Hello all. Thanks for taking a look at this...
To put it simply, kind of, I have a SharePoint 2010 farm with 1 web application (non default port) using kerberos authentication with 2 load balanced web front end servers.
Example:
web01.domain.com:8090
web02.domain.com:8090
NLB = web.domain.com
The NLB is setup at web.domain.com (on port 80), as mentioned above, and directs traffic to either web server on port 8090.
Notes:
An SPN has been setup for the NLB url with the web applications service account.
Delegation has been setup on the web app account and the web servers.
I am not using host headers for this web app.
I have setup the useapppoolcredentials instead of disabling kernel mode in IIS7 (tried it with it disabled too)

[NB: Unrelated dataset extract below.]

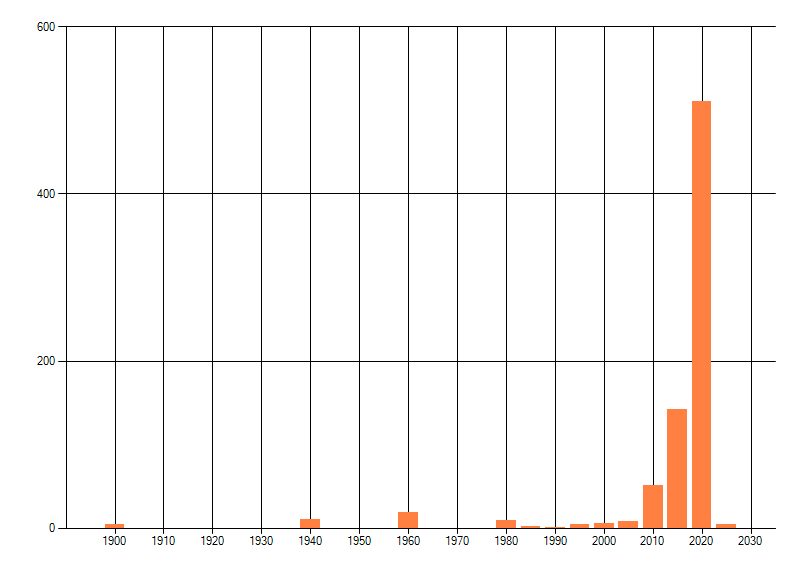 Het aantal atlasblokken (5x5 km) waarin de soort is gemeld binnen een periode van vijf jaar (vanaf 1980) of twintig jaar. Niet gecorrigeerd voor waarnemersinspanning en het aantal doorgegeven waarnemingen kan sterk variëren per periode, dus een trend in verspreiding kan hier niet direct uit worden afgelezen. Het opgegeven jaartal is het eerste jaar van de periode. Bron: gevalideerde waarnemingen uit de NDFF.

I tried this just in case...Registered SPNs for both web servers, with and without port numbers, and with and without fqdns.
The Problem
Kerberos authentication will not work when the NLB is set at port 80. If I set the NLB to match the web application port, 8090, kerberos authentication works fine and all is well.
This may be an obvious issue, but i cant put my finger on what I am missing.
Simply put, i would just like to have the users type in web.domain.com (the NLB url) instead of having to put in web.domain.com:8090, and be directed to the appropriate web server on the appropriate port (8090), and have kerberos authentication function.
Any thoughts on this would be greatly appreciated!